|
Hao Zou Reliable generation, masked diffusion language models, and long-horizon LLM agents. I am a Columbia CS researcher working with Prof. Kathleen McKeown and Prof. Zhou Yu, and closely collaborating with Zachary Horvitz and Xiao Yu. My research asks how language models can revise, reason, and act reliably when evidence changes or tasks unfold over many steps. My recent work connects two threads: (1) masked diffusion language models for controllable editing, faithful summarization, and inference-time reasoning; and (2) LLM agents for realistic computer-use workflows, environment scaling, and harness-based training. Starting Summer 2026, I am continuing in the Columbia CS Department as a Research Staff Associate on an IARPA-funded project on faithful summarization. Previously, I worked with Prof. Jordan Boyd-Graber at the UMD CLIP Lab, and with Prof. Dongyeop Kang at the University of Minnesota NLP group. I received my B.S. in Computer Science from the University of Minnesota, Twin Cities, and my M.S. in Computer Science from Columbia University in May 2026. |
|
Research
My long-term goal is to build AI systems that remain faithful and useful under uncertainty: systems that can detect unsupported claims, localize what should be changed, allocate computation to uncertain parts of a reasoning trace, and act safely in long-horizon environments. I approach this through a bridge between diffusion-based generation/editing and agent evaluation/training.
In diffusion language modeling, I study how non-autoregressive models can use their ability to infill and revise arbitrary spans for faithful summarization, reasoning templates, and efficient inference. In agents, I study how realistic environments, verifiers, and harnesses can make training and evaluation match the way agents are actually deployed.
News
- Jun 2026: Detect, Remask, Repair is on arXiv and under review at EMNLP 2026.
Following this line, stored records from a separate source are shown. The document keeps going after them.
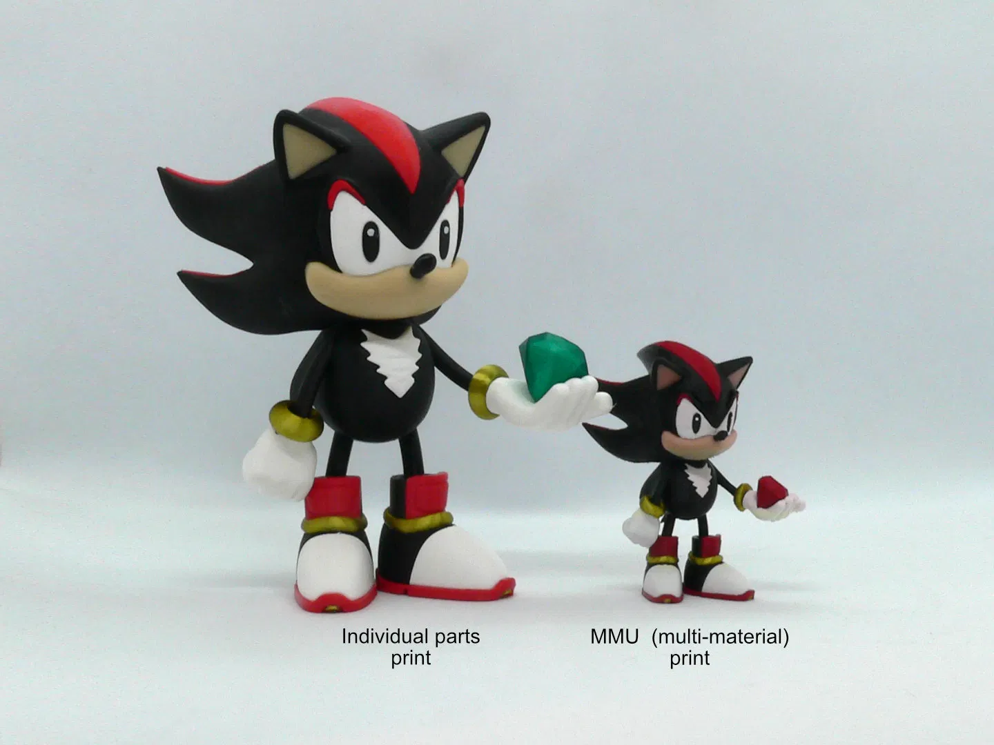 Phiên bản MMU của Shadow - Classic (nhân vật Shadow trong series Sonic). Mẫu cao 81mm, được rework từ bản tách part trước đó để in MMU sạch hơn. Có file 3MF cho PrusaSlicer và STL rời, kèm lưu ý về Gem và purge.
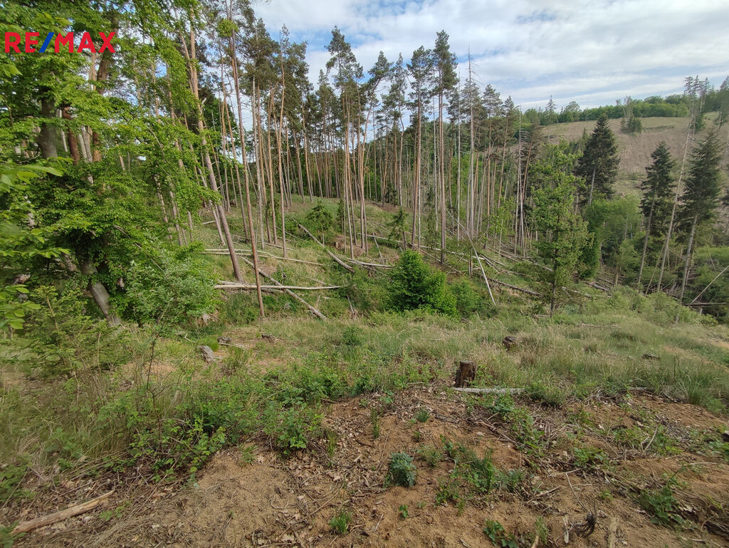 Pozemek se nachází ve svahu a je obklopený dalšími lesy a z horní strany obecní polní cestou a poli. V horní části pozemku blíže k cestě roste několik zdravých stromů, zbývající většinová část pozemku vytěžena.
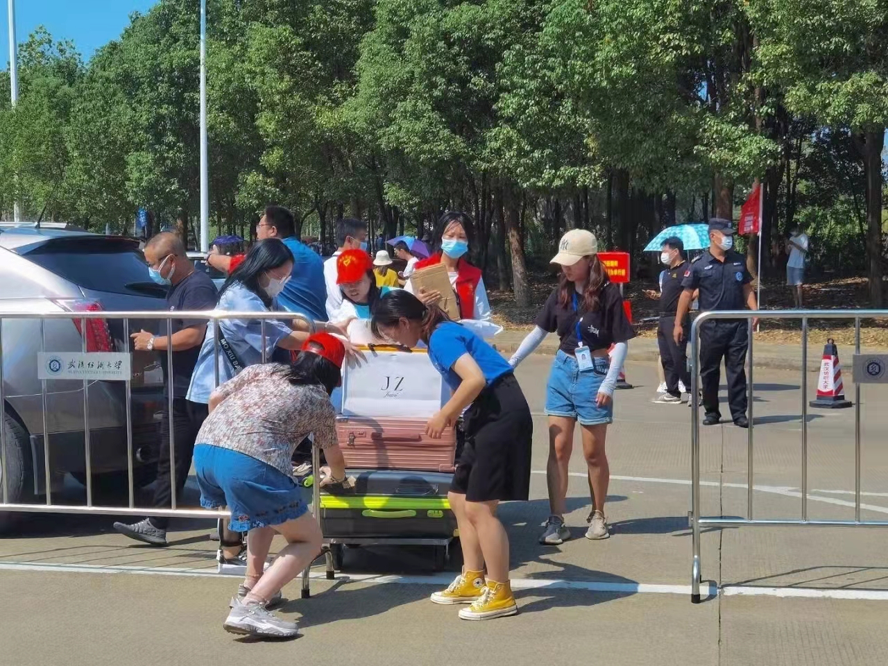 迎新当日,学院迎新工作人员和志愿者早上7点之前就到达指定接待点,等待新生的到来。因为新生家长不允许进入学校宿舍区,为了方便新生尽快完成报道手续,由迎新志愿者一对一服务,将他们的行李搬入宿舍并指引他们到指定地点完成报道,同时协助新生办理寝室入住手续。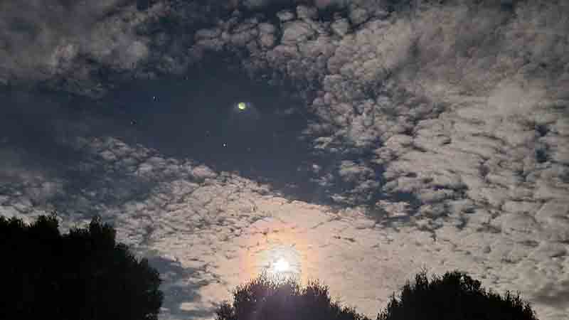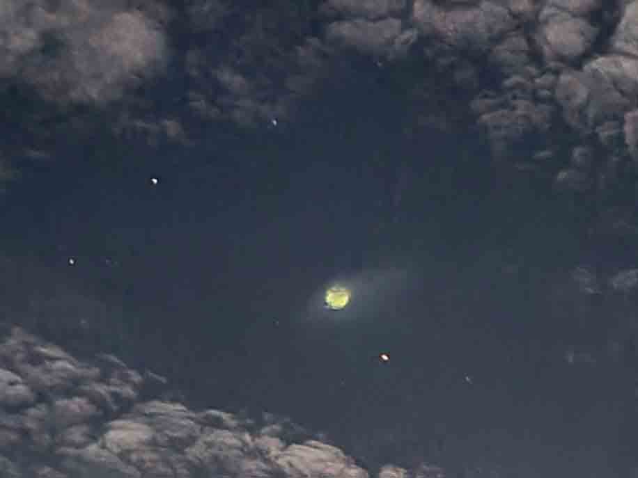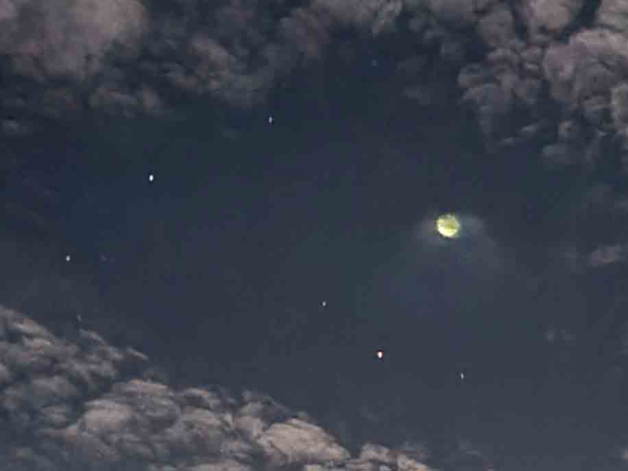 On the 35th anniversary of Michel Desmarquet journey to Thiaoouba, the spacecraft visited Dr Chalko at Mt Best. Its size in the sky was comparable to the full moon, as can be seen in the attached photos. When Dr Chalko took these two photos - the spacecraft was about ~7 km above the remote uninhabited forest. The elliptical halo around the spacecraft is the result of operation of a cyclotron that is involved in propulsion. More details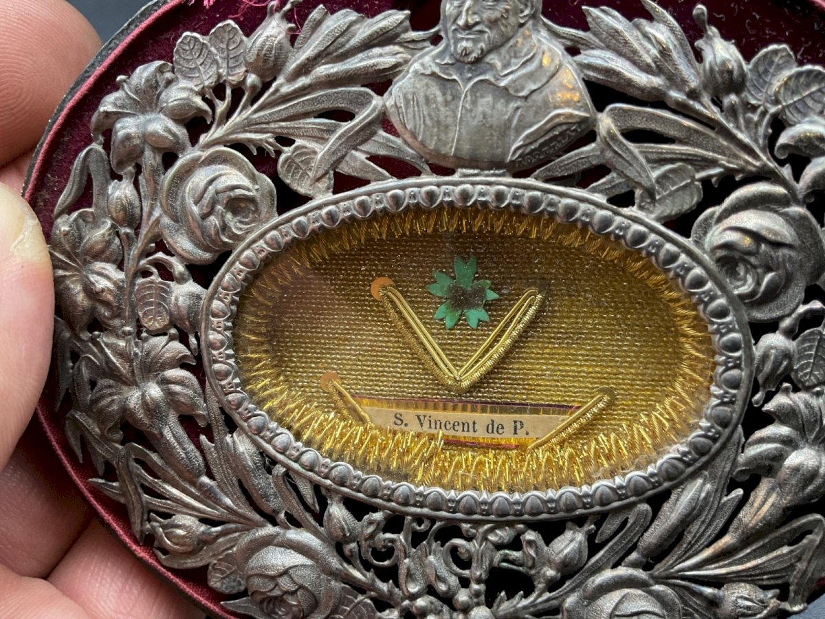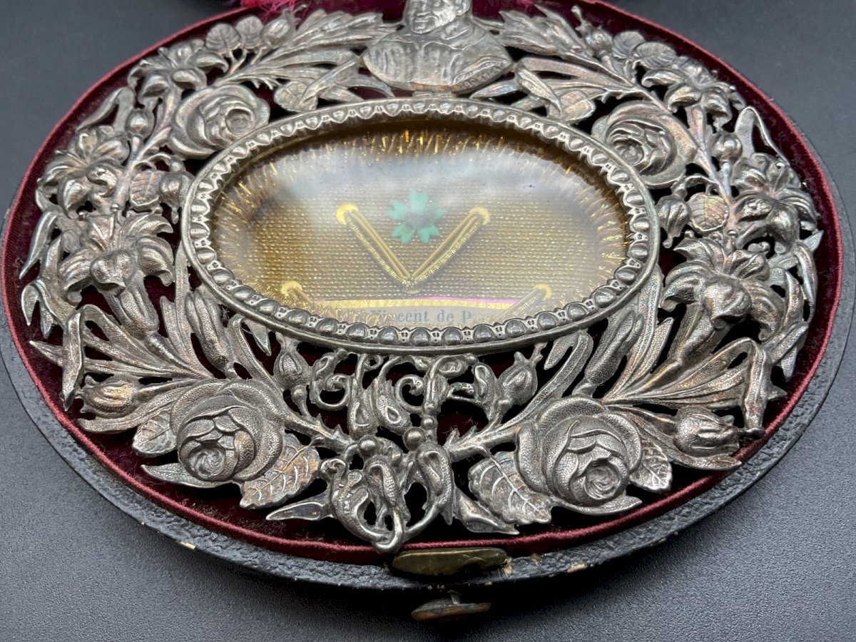 Reliquary of Saint Vincent de Paul, In Its Case, in silver Dimension: 10 x 8 cm Authenticity: Original Type: Showcase item, Decorative Origin: France Subtype: Case Material: Solid silver Style: Napoleon III
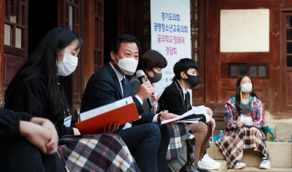 종택 앞뜰에 디귿자(ㄷ) 형태로 둘러앉은 장현국 의장 등 의원들과 청소년들은 ‘의장이 생각하는 청렴의 의미’, ‘청소년이 가짜뉴스를 걸러내고 좋은뉴스를 찾는 방법’ 등에 대해 이야기를 나눴다.먼저, 장현국 의장은 청렴을 ‘공직자의 최우선 과제’이자 ‘공공기관의 국가경쟁력’이라고 강조했다. 그는 “부패와 반칙 없는 사회, 특권 없는 청렴하고 투명한 사회를 구현하기 위해선 주민의 대표기관인 지방의회의 청렴도가 무엇보다 중요하다”며 경기도의회는 지난 7월 의회의 청렴의식을 제고하기 위해 청렴 토크콘서트를 열고, 청렴 서약식 및 공연 등을 진행하는 등 청렴정신 실천에 앞장서고 있다”고 설명다.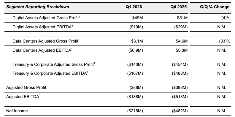 Digital Assets generated $49 million in adjusted gross profit, while losses were heaviest in Galaxy’s Treasury and corporate segment, which posted a $167 million adjusted EBITDA loss amid market volatility.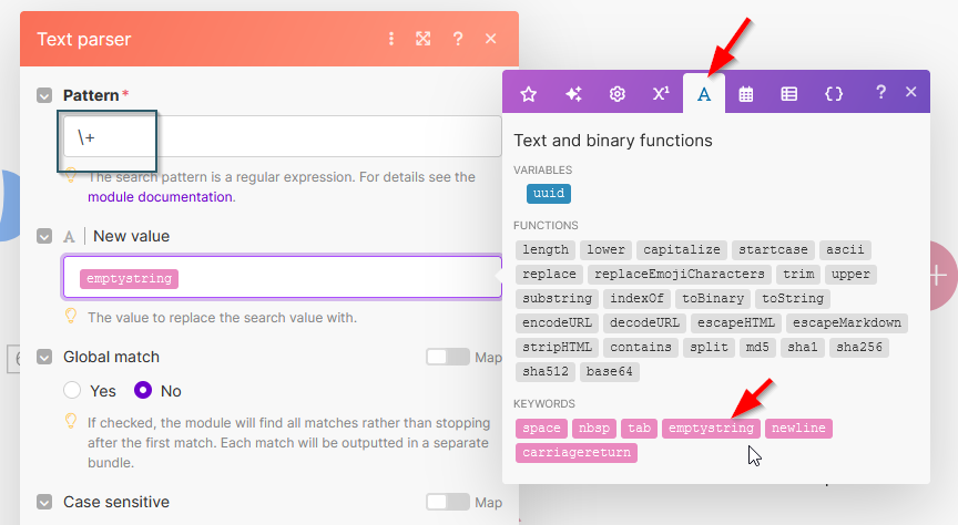 Google kann in der Suche das "+" nicht verarbeiten, dieses muss weg. Das erledigt das Modul "Text parser - replace", aber was genau muss man da eingeben?! Damit das "+" nicht als Operator erkannt wird, müssen wir ein "\+" einfügen und dieses Zeichen soll dann durch "Nichts" ersetzt werden. Man kann aber nicht einfach "nichts" oder "null" verwenden, sondern wir benötigen die "emptystring"- Variable. Am besten erkläre ich dir Schritte an den folgenden Screenshots: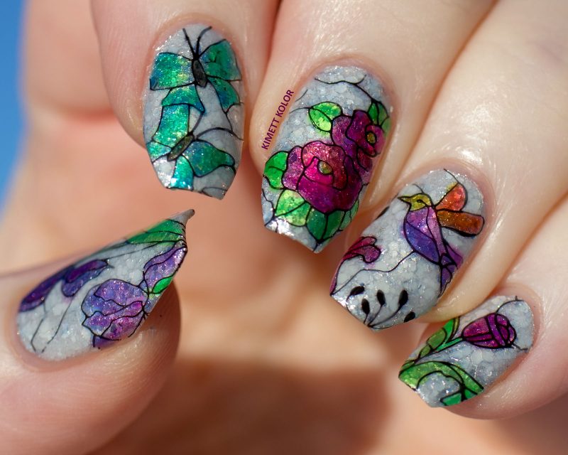 The design, made with colored translucent stained-glass gel, is unusually in demand this season.The most trendy is the image of a large burgundy bud, covered with lilac or scarlet stained glass transparent varnish.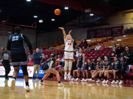 The Women were ahead the entire game never slipping to the Sailfish, maintaining a double-digit lead almost the entire second half. Senior Jensen Blassage also earned her 1,000 college career point. She is the 21st women’s player to make this achievement.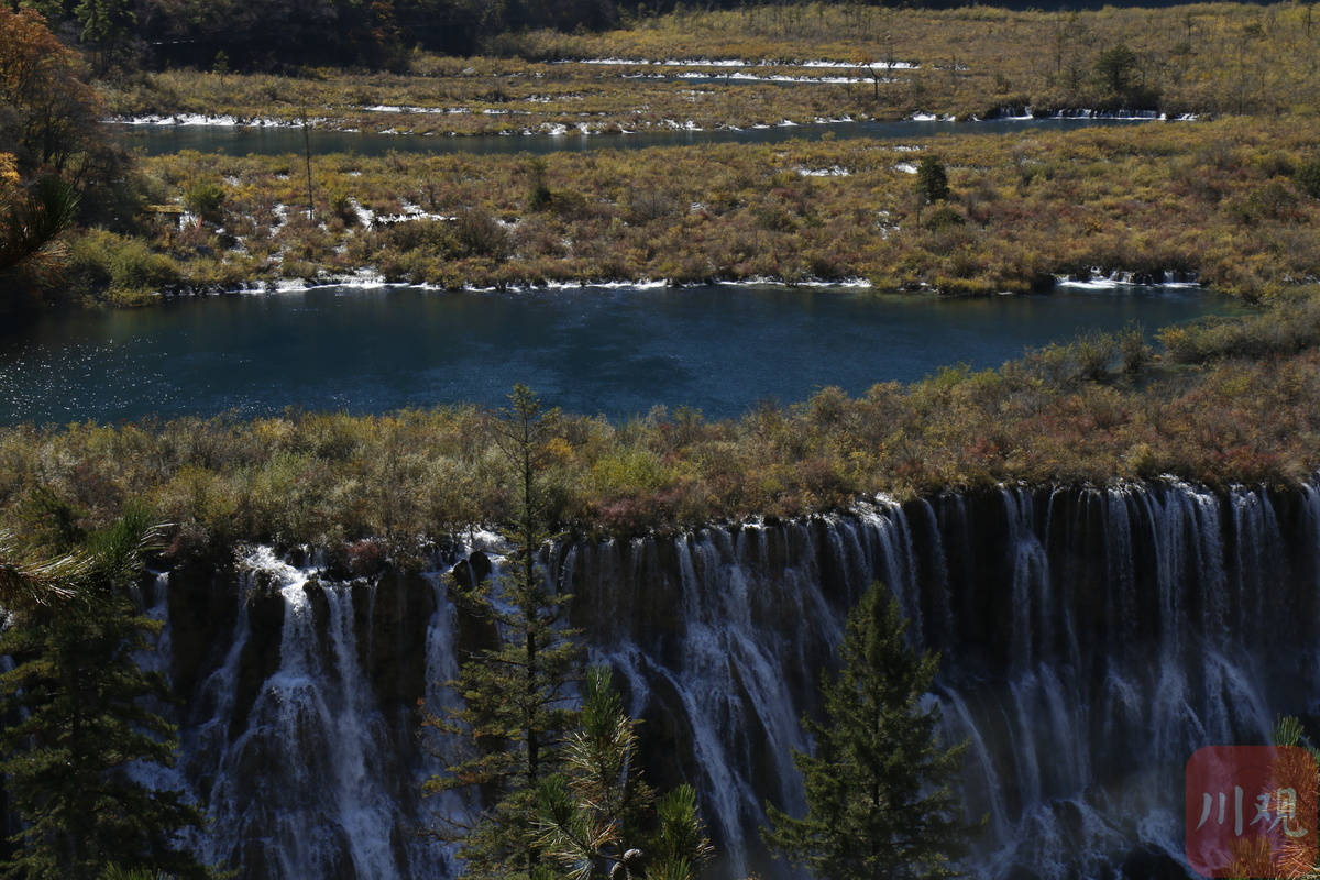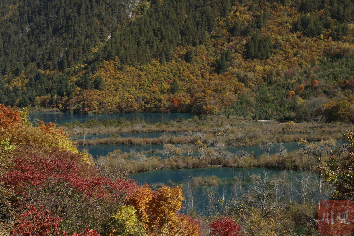 青山对出,雪峰耸峙;层林染金,红楸点缀;彩池迤逦,飞瀑震天。11月2日,九寨沟风景名胜区,各种秋天美景扑面而来,游客感叹:美丽的童话世界九寨沟,又回来了。

- Jun 2026: Continuing at Columbia CS as a Research Staff Associate in Prof. McKeown's group on faithful summarization.
- 2026: OSWorld 2.0, a benchmark for long-horizon real-world computer-use agents, is under review at NeurIPS 2026.
- 2025: No Compute Left Behind studies reasoning, sampling, and inference-time compute allocation for masked diffusion language models.
- 2024: Our question rewriting work was accepted to EMNLP 2024.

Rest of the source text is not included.